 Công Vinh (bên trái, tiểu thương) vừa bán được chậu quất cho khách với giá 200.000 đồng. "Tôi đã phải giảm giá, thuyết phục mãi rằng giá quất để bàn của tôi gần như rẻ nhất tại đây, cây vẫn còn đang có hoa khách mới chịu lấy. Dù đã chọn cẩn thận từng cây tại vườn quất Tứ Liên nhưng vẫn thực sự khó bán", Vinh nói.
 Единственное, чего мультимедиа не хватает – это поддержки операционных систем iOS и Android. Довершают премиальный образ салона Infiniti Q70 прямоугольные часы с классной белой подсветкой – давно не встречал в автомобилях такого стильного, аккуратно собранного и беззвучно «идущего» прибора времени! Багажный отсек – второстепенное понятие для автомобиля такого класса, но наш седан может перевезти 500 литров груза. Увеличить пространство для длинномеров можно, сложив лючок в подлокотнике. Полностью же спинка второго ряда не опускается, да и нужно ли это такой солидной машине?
|---|
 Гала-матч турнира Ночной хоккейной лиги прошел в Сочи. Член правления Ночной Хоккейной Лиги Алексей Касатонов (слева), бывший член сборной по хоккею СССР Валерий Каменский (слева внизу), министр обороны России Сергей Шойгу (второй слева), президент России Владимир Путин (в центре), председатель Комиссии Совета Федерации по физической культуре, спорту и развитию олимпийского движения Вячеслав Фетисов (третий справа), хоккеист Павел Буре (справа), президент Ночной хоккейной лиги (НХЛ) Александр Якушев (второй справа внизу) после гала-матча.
|---|
### [Aim of the exercise]
Going back to the entries above, set down exactly the lines that begin at the one with "Công Vinh (bên" and end at the one with "Единственное, чего мультимедиа", both included, and nothing else.

### [Exercise output]
 Công Vinh (bên trái, tiểu thương) vừa bán được chậu quất cho khách với giá 200.000 đồng. "Tôi đã phải giảm giá, thuyết phục mãi rằng giá quất để bàn của tôi gần như rẻ nhất tại đây, cây vẫn còn đang có hoa khách mới chịu lấy. Dù đã chọn cẩn thận từng cây tại vườn quất Tứ Liên nhưng vẫn thực sự khó bán", Vinh nói.
 Единственное, чего мультимедиа не хватает – это поддержки операционных систем iOS и Android. Довершают премиальный образ салона Infiniti Q70 прямоугольные часы с классной белой подсветкой – давно не встречал в автомобилях такого стильного, аккуратно собранного и беззвучно «идущего» прибора времени! Багажный отсек – второстепенное понятие для автомобиля такого класса, но наш седан может перевезти 500 литров груза. Увеличить пространство для длинномеров можно, сложив лючок в подлокотнике. Полностью же спинка второго ряда не опускается, да и нужно ли это такой солидной машине?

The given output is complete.